** Exercise objective **
From the first line to the last, return the data exactly, with no pictures.

** Data segment **
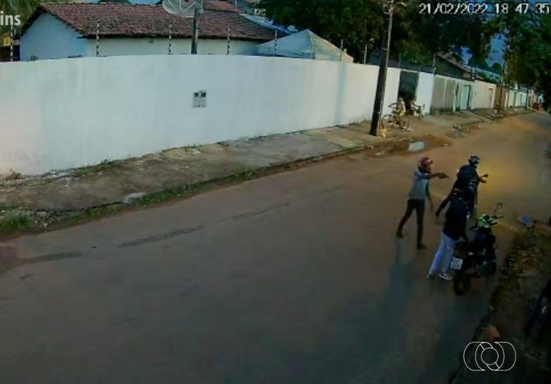 Nas imagens, é possível ver que o homem, de 33, está encostado em sua moto, conversando com as outras duas pessoas na porta de uma residência.
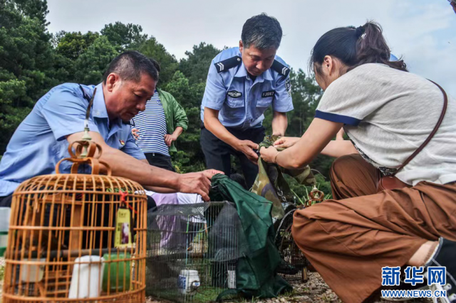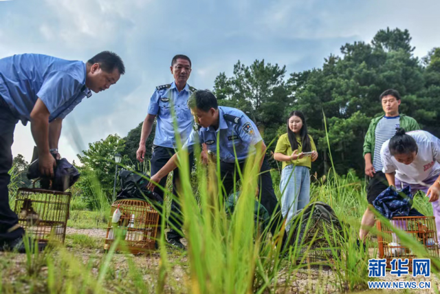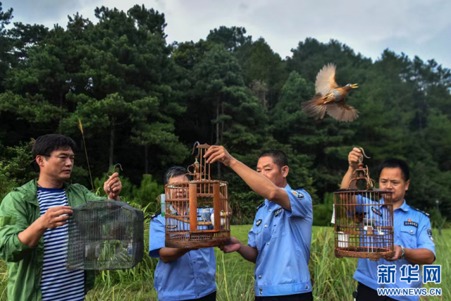 ▲近日,江西省抚州市资溪县公安局森林警察与野保执法人员将5只画眉鸟带至九龙湖国家级湿地公园放飞。新华网发吴志贵摄
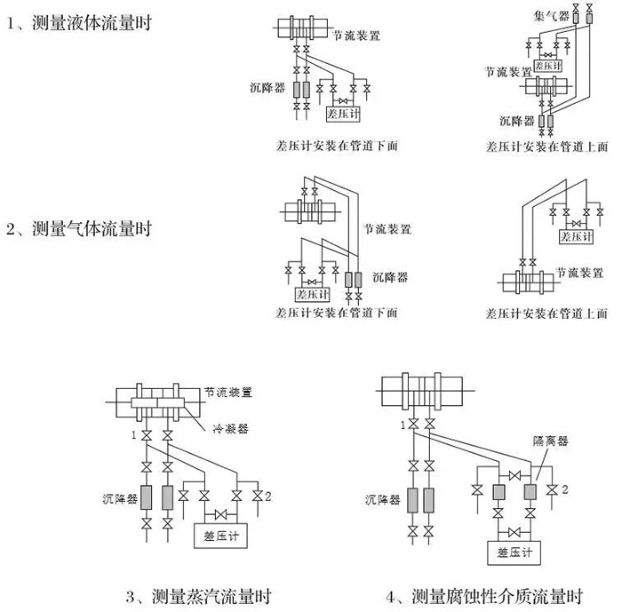 根據(jù)被測介質的性質、節(jié)流裝置與差壓計的相對位置,差壓信號管路可有以下幾種安裝方式:

** Result **
 Nas imagens, é possível ver que o homem, de 33, está encostado em sua moto, conversando com as outras duas pessoas na porta de uma residência.
 ▲近日,江西省抚州市资溪县公安局森林警察与野保执法人员将5只画眉鸟带至九龙湖国家级湿地公园放飞。新华网发吴志贵摄
 根據(jù)被測介質的性質、節(jié)流裝置與差壓計的相對位置,差壓信號管路可有以下幾種安裝方式:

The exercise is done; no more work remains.